[ASSIGNED TASK] Retype every line from the start of the data down to and including the line with "HRD-2150全封閉駕駛式". Skip the pictures.

[RECORDED DATA]
────────────────────────────────────────
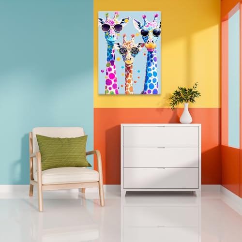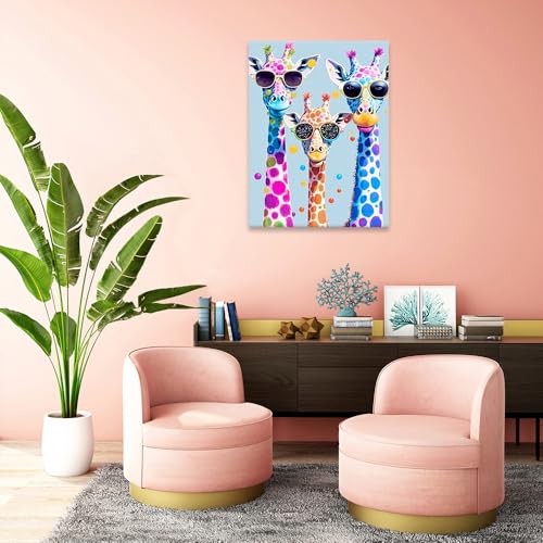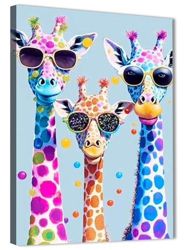 Skills - Skills Canvas Wall Art - Three Giraffes Wearing Modern Sunglasses - Wall Art - Wall Art for Living Room, Bedroom, Office Decorations & More - Size (30cm x 40cm)
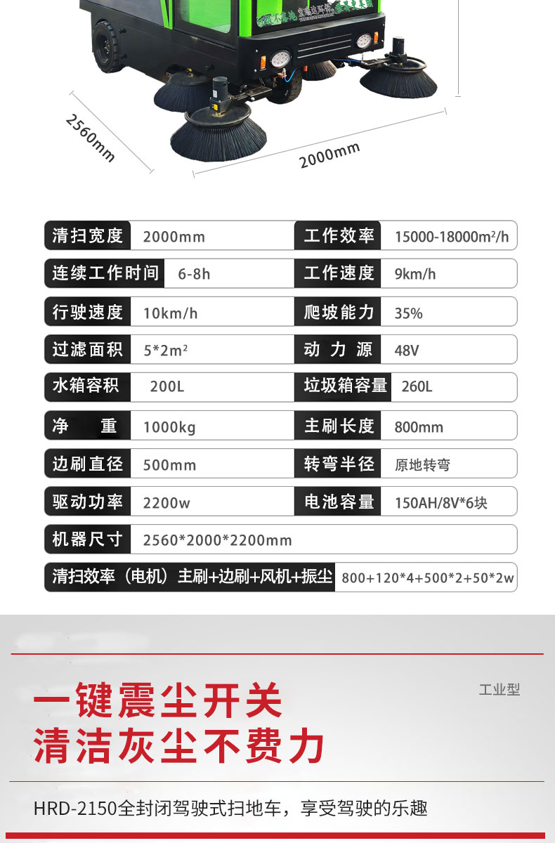HRD-2150全封閉駕駛式掃地車是宏瑞達環保根據市場客戶需求特研發針對粉塵企業的電動清掃車,配置雙風機系統,具有強大的吸塵能力,清掃寬度大可達2米,連續工作時間可達6-8小時,特別適合煤礦、水泥廠、雕刻廠、面粉廠、建材廠、金屬冶煉廠這種灰塵多的場所使用,用于工廠車間、商場、車站、廣場公園、景區等場所清掃效果會更加顯著。
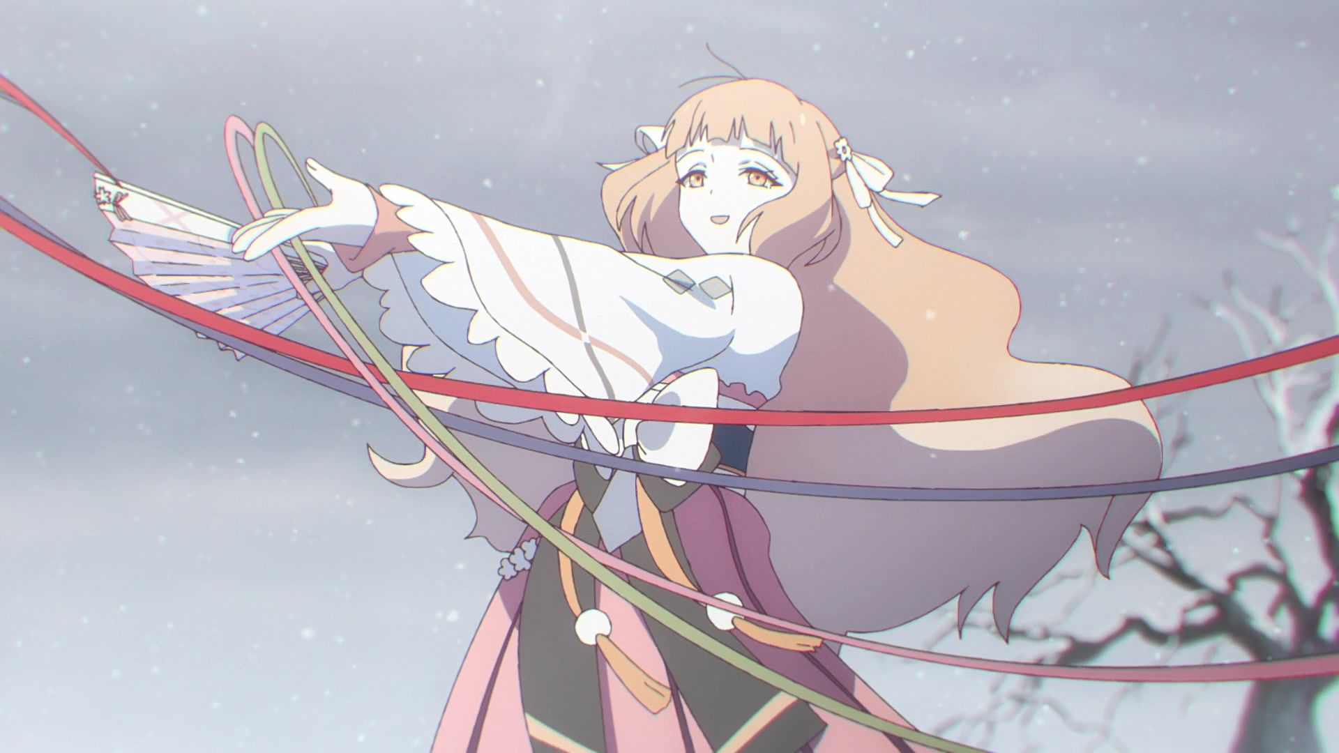 Except that Wit has far less talent, or perhaps chutzpah when it comes to emotional wringing, than KyoAni did, so there isn’t nearly as much bloom or dramatically blowing wind to highlight just how tragic and dramatic the sad girls in snow are. Plus, the main sad emotionally stunted girl speaks in a… halting and… staggered… sing-song… ca…dence… to extra extra EXTRA accentuate just how emotionally stunted she is which was slowly grating on my nerves through the entire damn episode. But also, the entire episode was them going to a random spot in the woods to stare at a grave and feel emotions around some random kid that happened to be there. Not the most eventful nor attention grabbing of hooks. Stuff happened. What stuff? Off-screen. Don’t worry about it. Just be emotional. With this faceless blob. Even for sad girls in snow, there have been far better pitches.
────────────────────────────────────────
[REPLY TO THE TASK]
 Skills - Skills Canvas Wall Art - Three Giraffes Wearing Modern Sunglasses - Wall Art - Wall Art for Living Room, Bedroom, Office Decorations & More - Size (30cm x 40cm)
HRD-2150全封閉駕駛式掃地車是宏瑞達環保根據市場客戶需求特研發針對粉塵企業的電動清掃車,配置雙風機系統,具有強大的吸塵能力,清掃寬度大可達2米,連續工作時間可達6-8小時,特別適合煤礦、水泥廠、雕刻廠、面粉廠、建材廠、金屬冶煉廠這種灰塵多的場所使用,用于工廠車間、商場、車站、廣場公園、景區等場所清掃效果會更加顯著。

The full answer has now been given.